In the past couple of weeks, how we remember and commemorate the Civil War has undergone seismic shifts. The city of New Orleans is in the process of removing four monuments that celebrate Confederate leaders and an 1874 attempt by white supremacists to topple Louisiana's biracial Reconstruction government. In Charlottesville, Virginia, a court injunction temporarily halted the city's plans to sell its Robert E. Lee monument while alt-right leader Richard Spencer led a torchlight protest this past weekend reminiscent of Klan rallies of the past. White supremacist support for the Lee statue will likely strengthen and broaden the call to remove this and other Confederate monuments throughout the city. Curiously, however, the former capital of the Confederacy, Richmond, Virginia, has not seen a similar outcry. Why?
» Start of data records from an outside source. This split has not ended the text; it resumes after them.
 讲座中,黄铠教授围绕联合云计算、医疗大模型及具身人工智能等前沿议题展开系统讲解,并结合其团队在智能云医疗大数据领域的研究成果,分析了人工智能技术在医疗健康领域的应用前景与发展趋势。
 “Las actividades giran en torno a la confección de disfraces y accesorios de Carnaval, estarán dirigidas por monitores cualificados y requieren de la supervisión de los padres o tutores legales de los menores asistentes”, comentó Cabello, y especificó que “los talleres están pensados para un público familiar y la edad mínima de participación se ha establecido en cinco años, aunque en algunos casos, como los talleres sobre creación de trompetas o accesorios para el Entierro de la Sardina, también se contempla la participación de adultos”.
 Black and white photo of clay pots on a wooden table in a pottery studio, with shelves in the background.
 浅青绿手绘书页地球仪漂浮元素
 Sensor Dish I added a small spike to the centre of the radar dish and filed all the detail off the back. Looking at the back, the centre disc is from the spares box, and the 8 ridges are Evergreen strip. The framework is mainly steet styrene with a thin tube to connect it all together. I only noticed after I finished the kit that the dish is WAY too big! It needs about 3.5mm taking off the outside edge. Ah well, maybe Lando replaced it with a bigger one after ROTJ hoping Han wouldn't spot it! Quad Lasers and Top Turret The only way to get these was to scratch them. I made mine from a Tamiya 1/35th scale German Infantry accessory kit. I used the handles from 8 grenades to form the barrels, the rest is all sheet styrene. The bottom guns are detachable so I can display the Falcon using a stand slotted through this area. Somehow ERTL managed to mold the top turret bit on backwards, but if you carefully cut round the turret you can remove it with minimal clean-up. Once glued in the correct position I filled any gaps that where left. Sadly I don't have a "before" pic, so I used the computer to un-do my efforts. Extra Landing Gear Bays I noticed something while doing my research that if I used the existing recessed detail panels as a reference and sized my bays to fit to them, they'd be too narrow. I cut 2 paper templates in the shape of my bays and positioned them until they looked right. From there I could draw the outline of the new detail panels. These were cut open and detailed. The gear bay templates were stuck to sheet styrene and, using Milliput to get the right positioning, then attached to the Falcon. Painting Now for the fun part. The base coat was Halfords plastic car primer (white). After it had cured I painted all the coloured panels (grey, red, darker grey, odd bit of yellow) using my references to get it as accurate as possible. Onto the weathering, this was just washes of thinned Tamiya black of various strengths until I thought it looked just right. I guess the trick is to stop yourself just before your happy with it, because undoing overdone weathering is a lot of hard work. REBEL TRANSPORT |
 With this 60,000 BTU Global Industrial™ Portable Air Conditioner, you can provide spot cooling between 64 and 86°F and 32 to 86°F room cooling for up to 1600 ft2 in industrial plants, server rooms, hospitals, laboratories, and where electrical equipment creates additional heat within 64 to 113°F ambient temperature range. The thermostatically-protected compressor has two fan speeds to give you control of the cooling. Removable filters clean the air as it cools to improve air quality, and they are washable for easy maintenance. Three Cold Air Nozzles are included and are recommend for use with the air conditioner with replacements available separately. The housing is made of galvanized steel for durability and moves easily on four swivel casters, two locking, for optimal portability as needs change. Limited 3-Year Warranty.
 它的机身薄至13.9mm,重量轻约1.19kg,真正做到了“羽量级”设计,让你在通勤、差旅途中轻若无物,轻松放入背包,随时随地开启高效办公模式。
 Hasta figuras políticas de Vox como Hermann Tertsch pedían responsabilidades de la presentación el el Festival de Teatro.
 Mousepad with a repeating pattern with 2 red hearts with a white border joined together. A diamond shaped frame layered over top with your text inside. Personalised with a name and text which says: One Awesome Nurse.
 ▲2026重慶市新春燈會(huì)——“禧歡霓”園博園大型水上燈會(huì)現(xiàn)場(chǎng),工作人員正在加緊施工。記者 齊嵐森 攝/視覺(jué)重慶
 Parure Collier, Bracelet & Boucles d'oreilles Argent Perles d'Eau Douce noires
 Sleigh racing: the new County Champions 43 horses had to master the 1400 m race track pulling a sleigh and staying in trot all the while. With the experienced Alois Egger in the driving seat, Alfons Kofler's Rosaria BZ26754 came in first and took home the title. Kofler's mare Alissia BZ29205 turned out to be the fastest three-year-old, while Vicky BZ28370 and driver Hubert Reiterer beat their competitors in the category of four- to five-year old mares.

The city boasts some of the most significant sites of Confederate commemoration. Its famed Monument Avenue is studded with massive statues of Generals Robert E. Lee, Stonewall Jackson and J.E.B. Stuart along with the president of the confederacy, Jefferson Davis. Thousands of Confederate soldiers and officers, and Davis himself, are buried in the city’s Hollywood Cemetery—a sacred space for white Southerners grappling with defeat. Veterans’ reunions, battlefields, monument dedications, parades and the opening of the Confederate Museum in 1896 helped solidify the city itself as a shrine to Confederate memory by the beginning of the 20th century. If ever a city was ripe for calls to remove Confederate monuments, it is Richmond.
But beyond scattered acts of vandalism, locals have remained largely quiet. Part of the reason why is that over the years, the city has recognized changing perceptions of the Confederacy—and officials have addressed concerns that public spaces devoted to the city’s past do not sufficiently reflect Richmond’s diversity.